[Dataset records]

Start of Block

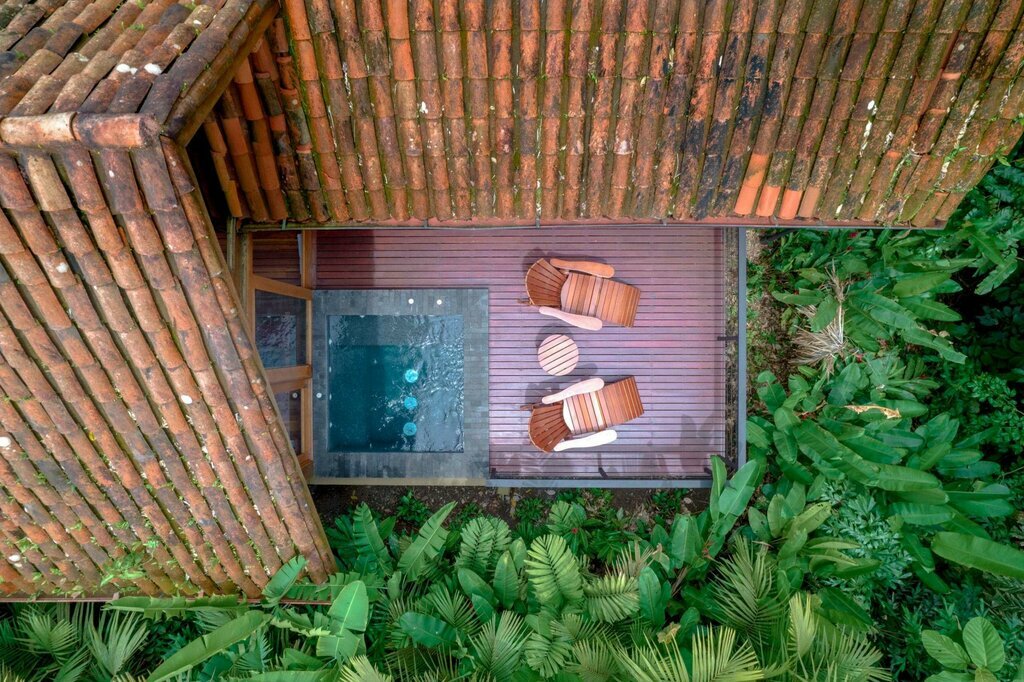 Continue to Amor Arenal in the heart of the rainforest, where you’ll check into your romantic wooden cabin. Features include vaulted ceilings and floor-to-ceiling windows with uninterrupted views of the forest and the Arenal volcano; your suspended deck has a heated whirlpool bath and loungers for relaxing with your beloved.
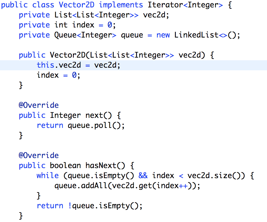 Implement an iterator to flatten a 2d vector.
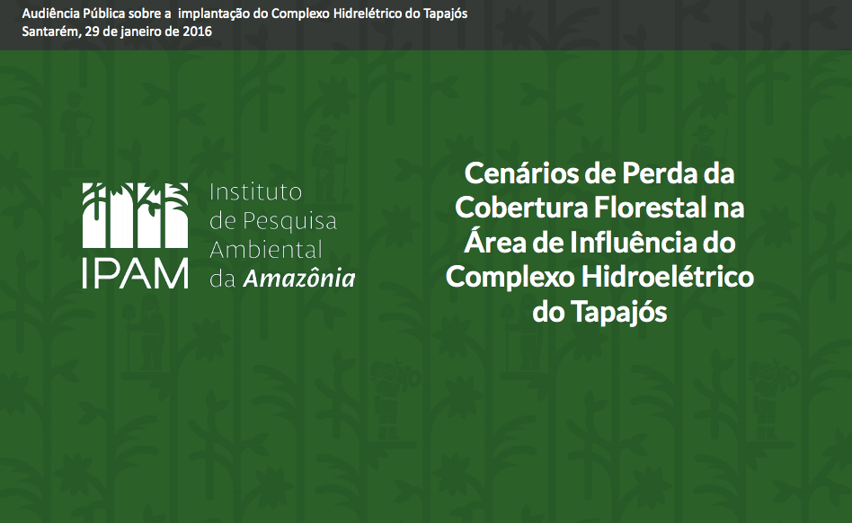 Apresentação feita pela pesquisadora Ane Alencar, do IPAM, em audiência pública realizada em Santarém, (PA) sobre a implantação do complexo. Ela traz um resumo de projeções conduzidas pelo instituto sobre o desmatamento na região com a construção de dez hidrelétricas previstas.
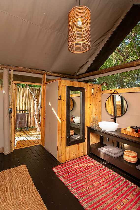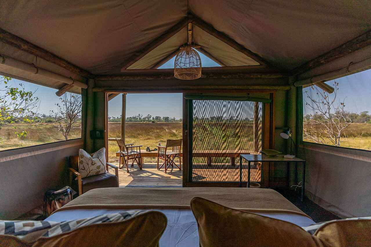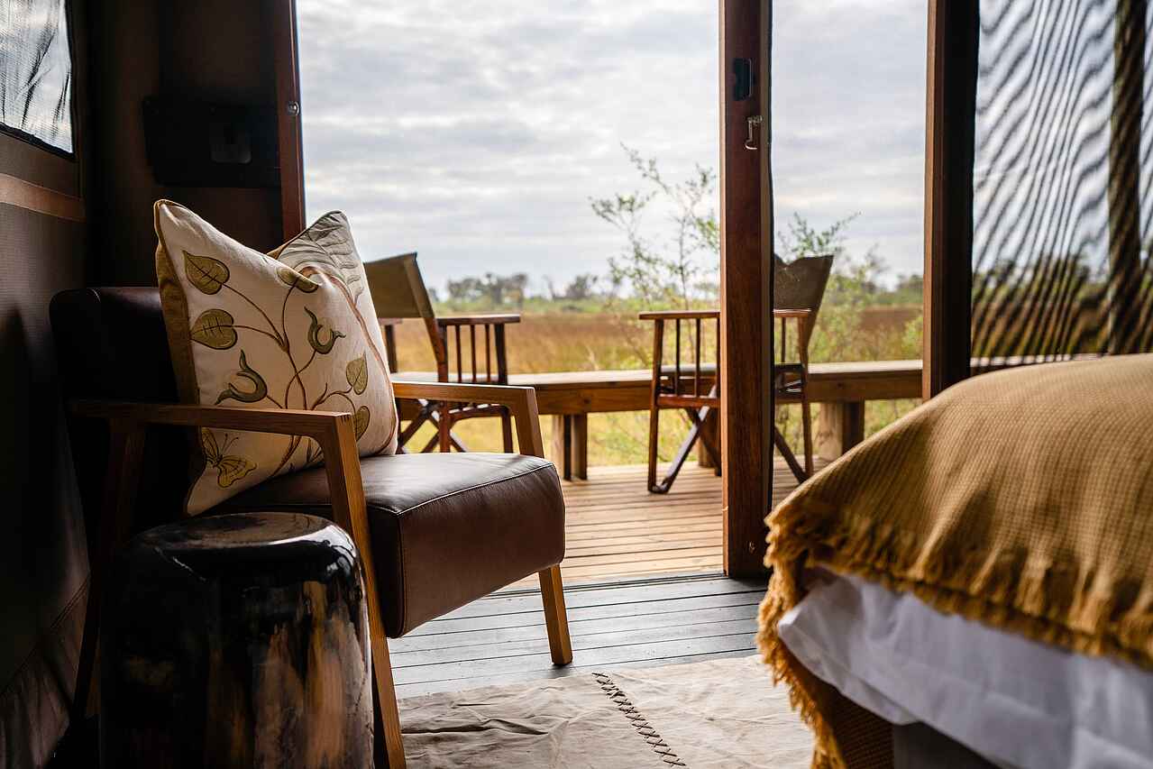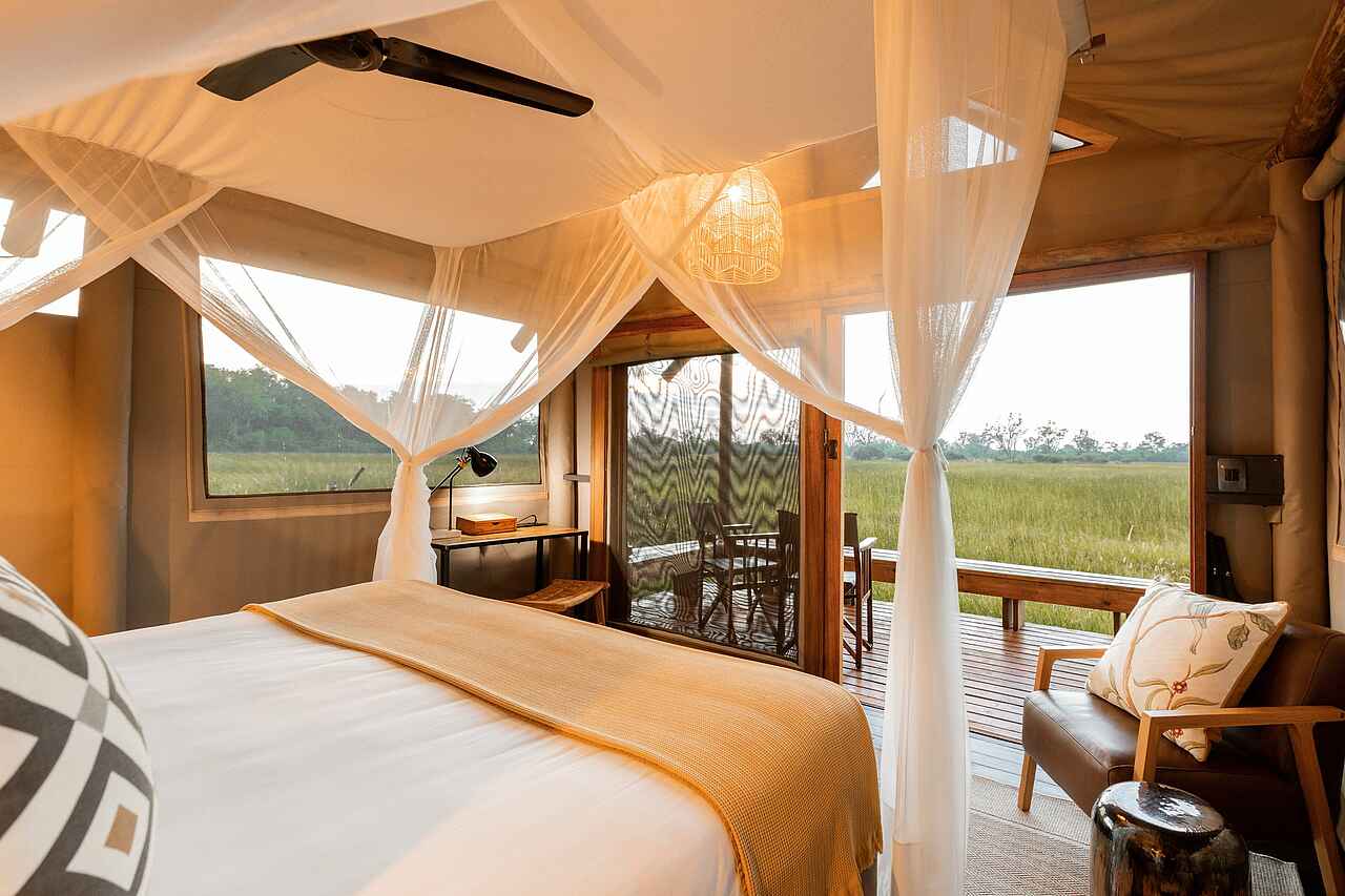 Little Sable verfügt über acht Zeltsuiten, die jeweils auf erhöhten Decks stehen und einen wunderschönen Blick über die Ebene bieten. Jedes Zelt verfügt über eine private Veranda mit Tisch und Stühlen. Im Inneren finden sich entweder ein Doppelbett oder zwei Einzelbetten mit Moskitonetzen, ein Deckenventilator, ein Schreibtisch und ein eigenes Badezimmer mit einer Spültoilette, zwei Waschbecken sowie einer Innen- und Außendusche. Die Einrichtung ist frisch, leicht und passt wunderbar zur Umgebung. Es gibt Lademöglichkeiten für elektronische Geräte.
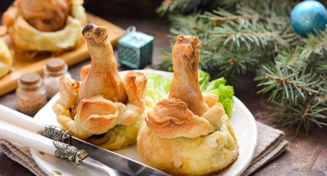 Курячі ніжки з грибами та морквою, в мішечках із листкового тіста
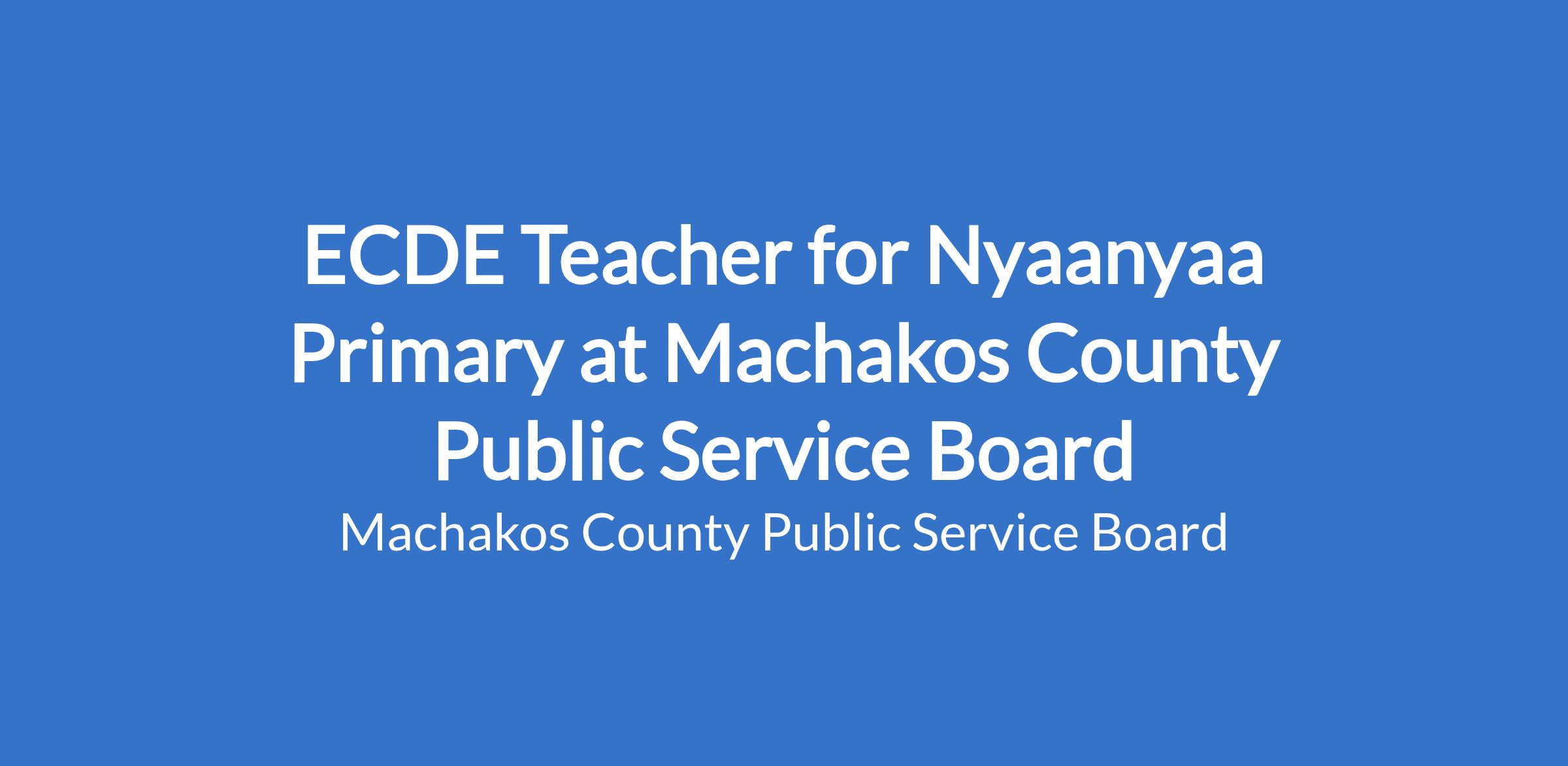 ECDE Teacher for Nyaanyaa Primary at Machakos County Public Service Board

End of Block

Copy every record character for character. Skip the pictures.

 Continue to Amor Arenal in the heart of the rainforest, where you’ll check into your romantic wooden cabin. Features include vaulted ceilings and floor-to-ceiling windows with uninterrupted views of the forest and the Arenal volcano; your suspended deck has a heated whirlpool bath and loungers for relaxing with your beloved.
 Implement an iterator to flatten a 2d vector.
 Apresentação feita pela pesquisadora Ane Alencar, do IPAM, em audiência pública realizada em Santarém, (PA) sobre a implantação do complexo. Ela traz um resumo de projeções conduzidas pelo instituto sobre o desmatamento na região com a construção de dez hidrelétricas previstas.
 Little Sable verfügt über acht Zeltsuiten, die jeweils auf erhöhten Decks stehen und einen wunderschönen Blick über die Ebene bieten. Jedes Zelt verfügt über eine private Veranda mit Tisch und Stühlen. Im Inneren finden sich entweder ein Doppelbett oder zwei Einzelbetten mit Moskitonetzen, ein Deckenventilator, ein Schreibtisch und ein eigenes Badezimmer mit einer Spültoilette, zwei Waschbecken sowie einer Innen- und Außendusche. Die Einrichtung ist frisch, leicht und passt wunderbar zur Umgebung. Es gibt Lademöglichkeiten für elektronische Geräte.
 Курячі ніжки з грибами та морквою, в мішечках із листкового тіста
 ECDE Teacher for Nyaanyaa Primary at Machakos County Public Service Board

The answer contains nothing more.